El pasado sábado me dirigía con mis hijos en el auto hacia una pista de patinaje sobre hielo, ubicada en la zona de Kendall, en Miami, cuando sonó mi teléfono celular. Contesté a la llamada y escuché la voz de mi hermana que, entre sollozos, me dio la peor noticia que podía esperar, una punzada en el corazón de irremediables consecuencias. “Germán ha muerto”. Tres palabras para las que nunca uno ni puede ni quiere estar preparado. Mi hermano Germán, tras una larga lucha contra el cáncer, había sido derrotado por la devastadora enfermedad y había fallecido en un hospital de Lugo, en Galicia, donde residía con su familia y donde su profesión de notario le había llevado.
Las interminables horas que me llevaron desde la cálida Miami a la fría y lluviosa Lugo componen lo que no puedo llamar de otra forma que “el viaje más triste de mi vida”. Miami-Madrid, Madrid-La Coruña, en avión, y La Coruña-Lugo, en auto, gracias a la cortesía de mis amigos Fernando y Quique Lázaro Quintela. Catorce horas de travesía que dieron mucho de sí y en mis atormentados cerebro y alma.

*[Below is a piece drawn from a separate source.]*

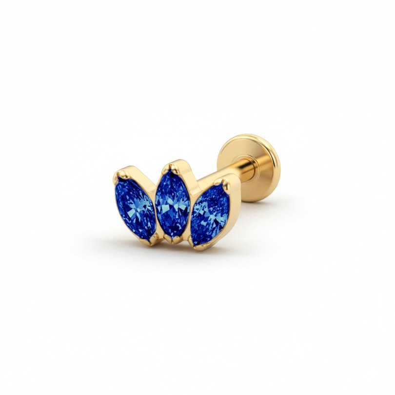 En titaniumlabret med trio af sten i et udvalg af farver, der beviser, at små detaljer kan ændre hele dit look. Tre tandsatte sten sidder tæt som en krone og giver din øre-stack et strejf af struktur.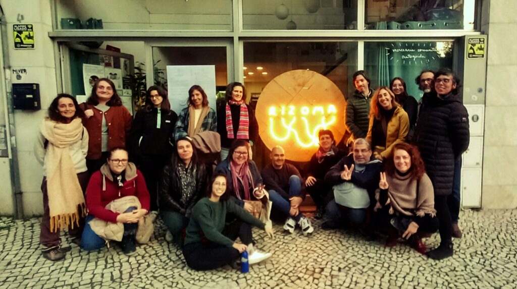 This was followed by a guided tour of Rizoma’s various collaborative spaces, followed by the integration of the Ecoprise group in helping to prepare the social dinner with other members – representing the strong collaborative and social component of the cooperative, which culminated in an informal get-together between everyone, marking the end of the activity and a group photo. Participants had the option of staying for the Cooperative’s end-of-day activities, such as an information and debate session on changes to the Labour Package and the Social Dinner at Rizoma with cooperative members.

El primer lamento proviene de lo que no se hizo y ya no habrá tiempo para hacer. Los caminos profesionales y vitales de mi hermano y míos se bifurcaron hace años. Él con sus cambios, dentro de la geografía española para desarrollar su carrera de notario: de Palencia a Canarias y de allí a Lugo. Yo, emigrando a Estados Unidos en 2008 y poniendo aún más distancia de por medio. Nos faltaron muchas conversaciones, muchas risas, muchas cosas cotidianas que compartir al estilo y frecuencia que hicimos en nuestra niñez y juventud. Discutir sobre fútbol, él tan Atlético de Madrid y yo del Barcelona, diseccionar la política española, con sus airadas y políticamente incorrectas críticas a la monarquía española, mucho antes de que se pusieran de moda, tomar una copa, charlar sobre los amigos y recuerdos comunes de nuestros veranos en Fuengirola (Málaga) y en nuestra casa familiar de Torrelodones, en la sierra madrileña.

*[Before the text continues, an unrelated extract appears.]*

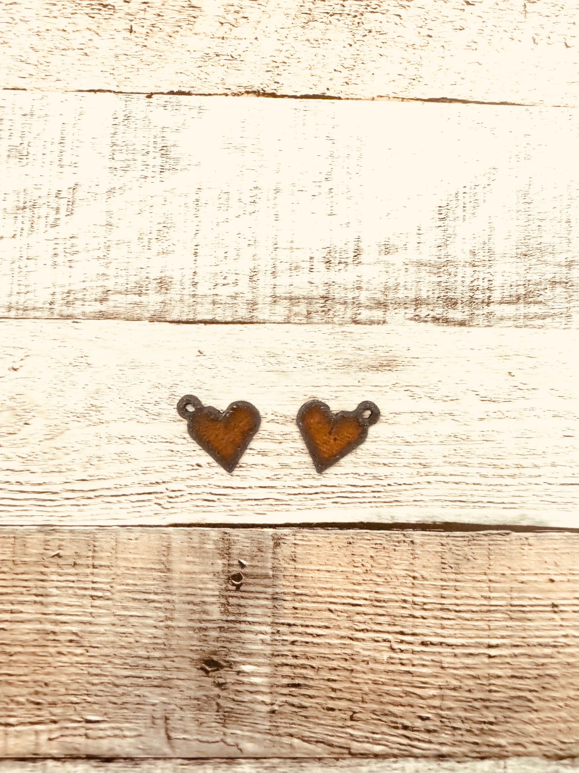 The Heart Earring Findings are the perfect size for the DIY Jewelry creator! Cut in rustic style, the avid creator can easily affix these pieces to the posts of their choosing for a unique look that makes easy custom earrings, hat pins, or tie tacks. Designed in mirrored pairs, 2 pieces total. Perfect for gifts, self-expression, or even to trade.

No hubo muchas oportunidades en los últimos años y me duele encontrarme frente al horizonte de una vida sin mi hermano. Sin la posibilidad de que me visite en Miami y poderle mostrar las pequeñas cosas que me han hecho feliz durante los últimos años, en este rinconcito privilegiado por el clima, la playa y la naturaleza.

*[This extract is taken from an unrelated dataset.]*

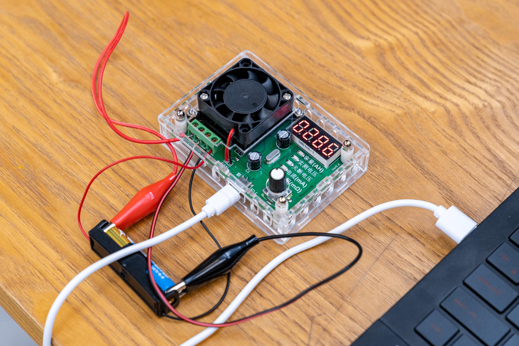 测试电池的设备我选择的是 TEC-06 电池容量检测仪,它的电流范围为 0.1A-3.5A,最大功率可达16W,适合 15V 以下的电池,最大检测容量 500000mAH (500AH),电流最大误差<0.5%,电流温漂小于0.1%。

Sobre todo eso, pensé en el viaje más triste de mi vida provocado por una batalla perdida contra el cáncer que se inició hace cuatro años y medio. Lo peor de esta enfermedad es lo frágiles e impotentes que nos sentimos ante ella. Recordaba a mi padre, entre las pocas frases que ha podido pronunciar en estos días, abrumado por el dolor de perder a un hijo, y que hace justo 50 años había perdido a su padre, mi abuelo, al que no llegué a conocer, por un cáncer originado en la misma parte del cuerpo que el de mi hermano. “La medicina no ha avanzado mucho”, se lamentaba. Quizás esa sea la dirección, la de luchar sin descanso para encontrar una cura contra la enfermedad, que debamos tomar para rendir homenaje a mi hermano Germán, a mi abuelo Germán, y a tantos y tantos seres especiales que han visto truncada su vida de esta forma tan cruel y temprana.